• **WHAT THE TASK REQUIRES**: Go through the records and transcribe them exactly, passing over any picture.

• **DATASET RECORDS**:
□ □ □ □ □ □ □
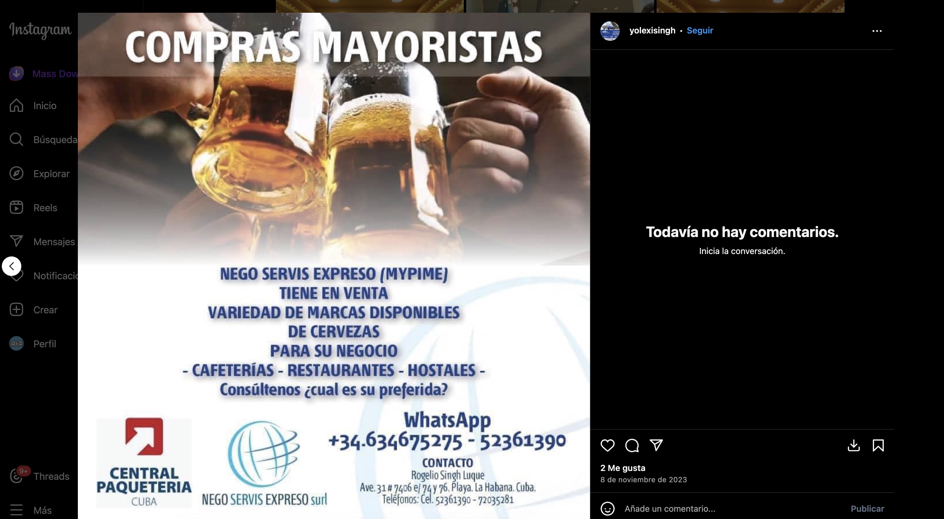 En noviembre de 2023, Yolexi anunció en su cuenta de Instagram que la mipyme cubana Nego Servis Expreso SURL tenía “variedad de cervezas disponibles para su negocio”, enviaba piezas de repuesto para autos, y ofrecía el servicio de compras mayoristas para empresas en Cuba. La mipyme está registrada en la isla por Rogelio Singh Luque, padre de Yolexi y ex coronel de la Seguridad del Estado
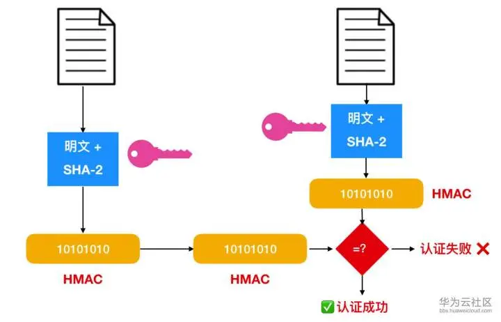 HMAC 是 MAC 更进一步的拓展,它是使用 MAC 值 + Hash 值的组合方式,HMAC 的计算中可以使用任何加密哈希函数,例如 SHA-256 等。
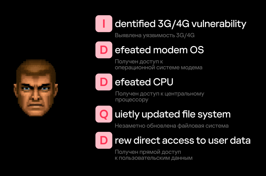 Считается, что обход механизмов безопасности 3G/LTE – это исключительно академическая задача, поскольку при подключении пользовательского устройства (User Equipment, UE) к базовой станции сотовой связи (Evolved Node B, eNB) устанавливается безопасный канал связи. Даже если кто-то сможет обойти эти механизмы, обнаружить уязвимость в модеме и выполнить на нем свой код, это скорее всего не поставит под угрозу бизнес-логику устройства. Эта логика (например, пользовательские приложения, история браузера, звонки и SMS на смартфоне) находится на АР и предположительно не может быть доступна с модема. Или может?
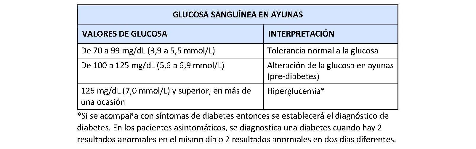 En el caso de la glucosa sanguínea en ayunas, los criterios son los siguientes, basándose en las recomendaciones de práctica clínica de la American Diabetes Association (ADA).
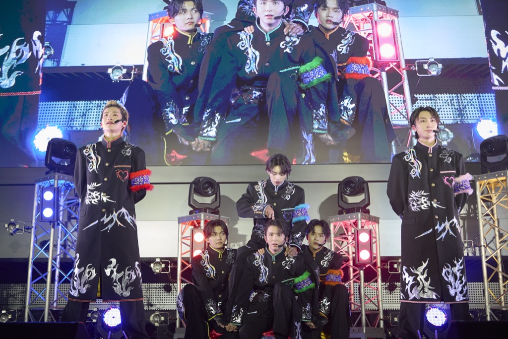 ここからはリョウガを交えて7人でのトークへ。EP『Osyan』について、リョウガに「どんなときに聞いてほしい?」と問われた近藤は「ツッパリたいときですね!」と言い切ってみせた。また、森田璃空は「まずバイクの音から始まって、本当にびっくりしました」と、リード曲「羅武が如く〜恋の⾵林⽕⼭〜」を初聞きしたときの感想を告白。曲をプロデュースした綾小路 翔についても、武田が「レコーディングでも直々にディレクションしてくださって、すごく優しくて!おかげで、みんな今までと違うツッパリ要素を加えた歌い方をしてるんです」と教えてくれた。
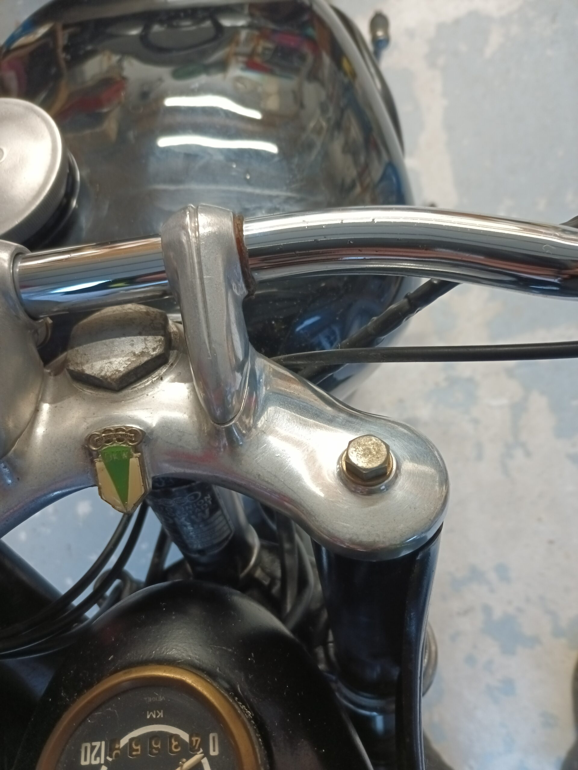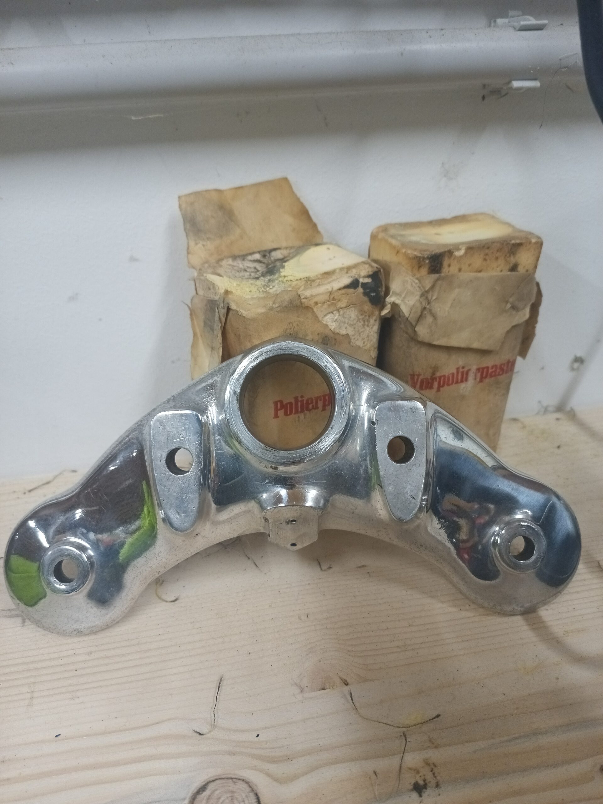 Einige Lackbestellungen und Baumarktbeschaffungen, Zierstreifen, sowie die Poliermaschine und Polierpads fehlen in der Aufzählung. Weiter geht es dann mit den Arbeiten im nächsten Beitrag, hier als Teaser und weil es eine einfache schöne Arbeit war die Brücke der Lenkerbefestigung vorher (re anpoliert) und nachher:
□ □ □ □ □ □ □
• **EXERCISE RESULT**:
 En noviembre de 2023, Yolexi anunció en su cuenta de Instagram que la mipyme cubana Nego Servis Expreso SURL tenía “variedad de cervezas disponibles para su negocio”, enviaba piezas de repuesto para autos, y ofrecía el servicio de compras mayoristas para empresas en Cuba. La mipyme está registrada en la isla por Rogelio Singh Luque, padre de Yolexi y ex coronel de la Seguridad del Estado
 HMAC 是 MAC 更进一步的拓展,它是使用 MAC 值 + Hash 值的组合方式,HMAC 的计算中可以使用任何加密哈希函数,例如 SHA-256 等。
 Считается, что обход механизмов безопасности 3G/LTE – это исключительно академическая задача, поскольку при подключении пользовательского устройства (User Equipment, UE) к базовой станции сотовой связи (Evolved Node B, eNB) устанавливается безопасный канал связи. Даже если кто-то сможет обойти эти механизмы, обнаружить уязвимость в модеме и выполнить на нем свой код, это скорее всего не поставит под угрозу бизнес-логику устройства. Эта логика (например, пользовательские приложения, история браузера, звонки и SMS на смартфоне) находится на АР и предположительно не может быть доступна с модема. Или может?
 En el caso de la glucosa sanguínea en ayunas, los criterios son los siguientes, basándose en las recomendaciones de práctica clínica de la American Diabetes Association (ADA).
 ここからはリョウガを交えて7人でのトークへ。EP『Osyan』について、リョウガに「どんなときに聞いてほしい?」と問われた近藤は「ツッパリたいときですね!」と言い切ってみせた。また、森田璃空は「まずバイクの音から始まって、本当にびっくりしました」と、リード曲「羅武が如く〜恋の⾵林⽕⼭〜」を初聞きしたときの感想を告白。曲をプロデュースした綾小路 翔についても、武田が「レコーディングでも直々にディレクションしてくださって、すごく優しくて!おかげで、みんな今までと違うツッパリ要素を加えた歌い方をしてるんです」と教えてくれた。
 Einige Lackbestellungen und Baumarktbeschaffungen, Zierstreifen, sowie die Poliermaschine und Polierpads fehlen in der Aufzählung. Weiter geht es dann mit den Arbeiten im nächsten Beitrag, hier als Teaser und weil es eine einfache schöne Arbeit war die Brücke der Lenkerbefestigung vorher (re anpoliert) und nachher:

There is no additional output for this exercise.